Limite du formalisme

30 juin 2008

Séminaire Toulouse : Science et ascience
1.

Lors du dernier Midi-Minuit, Marie-Claude Lambotte a avancé cette remarque que le sujet mélancolique pouvait difficilement sortir d’un discours formaliste. Comme en écho, Pierre Cassou-Noguès, l’auteur de ce livre dont je vous ai fait l’éloge sur Gödel, a insisté sur le fait que ce dernier avait l’idée que son théorème d’incomplétude, d’un formalisme parfait, pouvait lui avoir été dicté par un malin génie ou par le diable. L’argumentation ici est très subtile, parce qu’elle s’appuie sur la conséquence du théorème de Gödel, à savoir que les langues formelles ne trompent pas, mais qu’elles sont incomplètes. Elles sont incomplètes en ce sens qu’elles ne peuvent réfuter ou démontrer des propositions qu’elles permettent pourtant de formuler comme vraies. Ce vrai-là n’est pas démontrable dans le même système formel. Ce qu’il faut ici considérer, c’est que nous sommes, avec le formalisme, dans un univers mécanique, celui qui a permis à Türing d’inventer la machine-ordinateur. Or, la thèse philosophique que pose Gödel est que nous ne sommes pas réductibles à un mécanisme. Faut-il tirer comme conséquence que Gödel estime à partir de là que son théorème ne vaut rien ou que son théorème lui-même illustre une certaine limitation inhérente à la raison déductive, ou analytique ? Je ne sais.
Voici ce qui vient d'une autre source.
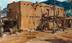 2019, LOT 223Nicolai FechinTaos Pueblo HouseOil on canvas19 x 31 inchesESTIMATE: $ 200,000 - $ 300,000

Ce qui en revanche me semble incontestable, c’est que la faille qui traverse la mathématique du XXe siècle entre l’intuitionisme (Brouwer) et le formalisme (Hilbert) ne laisse pas la psychanalyse indifférente. Dès l’article de 1945 « Le temps logique et l’assertion de certitude anticipée », Lacan avance une thèse qui fait valoir l’anticipation de l’acte sur la déduction épistémique. Si je ne sors pas, pense chacun des prisonniers, les deux autres peuvent sortir et dans ce cas j’aurais perdu. Donc je sors, avant d’avoir pu vérifier que les deux autres sortent. Bien sûr c’est un sophisme en ce sens que chacun des prisonniers est obligé de supposer que chacun des deux autres raisonne à la même vitesse que lui.

C’est pour cette raison que la psychanalyse est in-transmissible, pas seulement en tant qu’expérience, ce qui va de soi, mais en tant que savoir. Face à cet in-transmissible, on mesure l’effort de Lacan à faire en sorte que, malgré tout, des bouts de réel, des témoins au sens de la course de relais puissent passer de l’un à l’autre, que ce soit sous la forme d’abord des mathèmes, puis de la topologie ou enfin sous la forme ultime d’une théorie des cordes qui deviendrait le savoir référentiel de la psychanalyse – en lieu et place d’une clinique.

Je vais y revenir. Mais je vais d’abord reprendre le fil de Gödel. Pierre Cassou-Noguès, qui a donc étudié de près les papiers philosophiques et la correspondance de Gödel conservés à Princeton, cite une lettre à un nommé Scurlock le 15 mars 1961. Dans le brouillon de cette lettre, on peut lire : « Il y a une analogie entre 1) une arithmétique formalisée et une société sans liberté aucune (sujette à des règles mécaniques de comportement et d’action, des règles mécaniques de cond[itionnement] ; 2) une arithmétique intuitive qui permet l’introduction de nouveaux axiomes à n’importe quelle étape et une société démocratique et libre. De même pour les êtres humains individuellement . » ( P. 164) .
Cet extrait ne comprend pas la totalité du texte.